I slowly kissed her cheeks, then her hair and then both the eyes. She looked wide-eyed as if imploring my intentions. I only smiled and touched her, telling as if everything is alright. I, next, kissed her tender lips. They were cold to me initially, but slowly she warmed up to my efforts. She parted her lips a little, I probed deep in her mouth. She tasted like honeydew, and she was now relaxed. We continued kissing for a little while longer, and she returned the favours by pushing her tongue in my mouth. She sucked on my lips, biting them off. I was enjoying the pain of her bites with pleasure. My lust to take her was building up.
She too seemed to be responding. I became a little bolder, and slowly held her and sat her down on my lap. She did not mind, and settled down like a kitten. Now I inched my hand up her thigh. I felt the flesh on her thighs. And slowly I flitted my hand close to her pussy. Did I feel a kind of moistness there? I desired to probe further, and slowly skirted her panty off, moving my fingers nimbly. I kept her attention wrapped around the pleasures of suckling her agile tongue.
My fingers reached the woolly area. She had a soft fuzz around the cunt lips. I parted those lips, they were warmly moist. My fingers caressed those warm pleasure paths. I would have loved to have my tongue where my fingers were. But for the time being, I would have let my fingers be the masters of the ceremonies. Ceremony, it was to be – a virgin’s deflowering had to take place, and my fingers would lead me there.

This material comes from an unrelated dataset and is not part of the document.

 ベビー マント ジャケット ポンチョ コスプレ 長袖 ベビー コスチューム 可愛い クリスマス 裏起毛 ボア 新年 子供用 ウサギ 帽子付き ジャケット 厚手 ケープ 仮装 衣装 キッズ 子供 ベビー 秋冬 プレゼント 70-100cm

I dared to probe a little more deeper. I felt her tightening her thighs around my hand, signs of protest I thought. I needed to pay more attention to keep her thoughts away from her groin. I, once again inched my way up. I felt the inner lips, more soft and more moist. I was fervently hoping to nibble these lips off her cunt, before thrusting my tongue deep into her. I fumbled for the royal entrance. I bowed at her openings with the pulp of the finger tip, and splosh – I was In. She was flooded with her virgin juices, anticipating the royal steed. Instead it was just a tip, of a finger. Was she disappointed at her discovery, well let me proceed with the finger fuck and see. I felt her warmth, I felt the wetness and I started to move my finger in and out of her flooded cunt hole. She relaxed a little, I saw my signal and pushed another finger in. I was enjoying with my fingers what my rock hard cock would have loved.